King Solomon Mensah is a personal trainer for the PureGym chain based in Leeds, and his experience would seem to back up Currell’s suspicions. When clients first come to him, he finds many are using supplements as meal replacements.

“Being realistic, I understand why my clients do it,” he says, acknowledging the reality that many people are busy and short of time. “But there is nothing better than real food.”

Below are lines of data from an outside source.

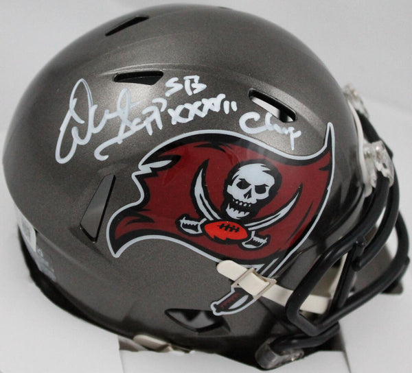 Warren Sapp Autographed Tampa Bay Buccaneers 97-13 Speed Mini Helmet w/SB Champs-Beckett W Hologram *White This is a hand autograph of Warren Sapp of the Tampa Bay Buccaneers on a Riddell Football 97-13 Speed Mini Helmet and inscribed with SB Champs. This item has a Beckett Witnessed Authentication, which comes with a numbered hologram with a QR code for verification. You can view this item on the Beckett Authentication website, it shows when and where the item was signed. It was signed either at a public autograph appearance or a private signing. This is a stock photo of the item. Although you may not receive this exact item, the item you receive is virtually identical, brand new, and in great shape.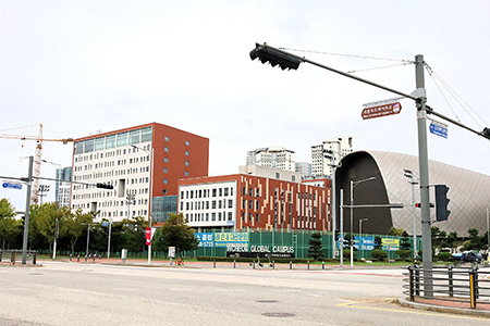 ○ 사진 (3) : 인천글로벌캠퍼스 정문 앞 ‘코튼우드하이츠로’ 명예도로 현장. 연수구는 최근 이 구간(약 1.3km)을 코튼우드 하이츠시와의 우호 협력을 기념해 명예 지정했다.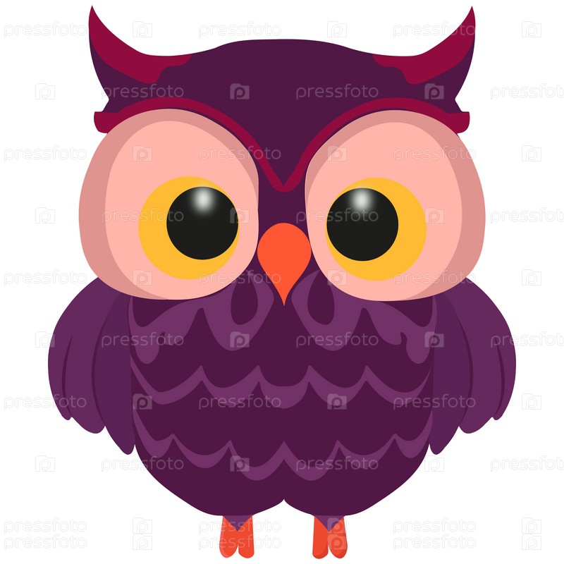 Сова. Лиловая сова с большими глазами. Икона. Печать. Иллюстрация

Mensah thinks that a lot of the supplement industry is “fashion” – particularly among office workers. “Their colleagues will be taking a supplement so they will too because they say it works for them. But they need to realise that everybody is different,”, says Mensah. “So what works for one person isn’t necessarily going to work for somebody else.”

Currell too can understand why it is tempting for busy people to use these supplements as meal replacements, because they are “incredibly convenient”. It is all very well to say that you can get the same – indeed far better – nutritional value out of a home-cooked meal, but it takes time to prepare, then to cook, then to eat, then a couple of hours to digest. Which begs the question: when are you supposed to actually use that body you are so carefully nurturing?

Despite Currell’s urging that we should take time to make the effort, it seems that many of us are happy enough to contract out a large part of our digestive system to the sports supplement companies. Does skipping meals and replacing them with supplements do active people any harm?

“The answer is we really don’t know what the health implications of doing this are.” says Currell. “Essentially they are processed food, processed powders. I believe that the less processed the food, the better it is for you. That is my opinion and how I work as a nutritionist. And these are highly processed foods.”

I finish by asking Dr Currell what he thinks of the popular fat burning products, which people take in the hope that it will rid them of their final layer of fat and allow their skin to mold like cling-film over a set of finely honed abs.

There is a pause.

“I am assuming that swearing is not the best thing to do at this point?”

Ah.

“There is absolutely no science behind them whatsoever, to me they are a big rip off.” says Currell. “Its not that magic bullet that you are going to be able to eat everything you want then get that magic six pack. The way you are going to do that is by training hard and eating appropriately, not by popping some pill that in some cases probably can be dangerous. I would never recommend them to an athlete. As a scientist, I can’t even understand how they are marketed as science.”

“Unfortunately, it is those kinds of thing that probably give the supplement market a bad name.” he continues.

OK, I’ll take that as a ‘no’ then.

Currell sums up his thoughts on the sports supplement market: “Sugary sports drinks enhance endurance. Protein is going to help you build muscle. There are things like caffeine and creatine that have good science behind them. And then there are things like fat burners, where you might as well wash your money down the drain.”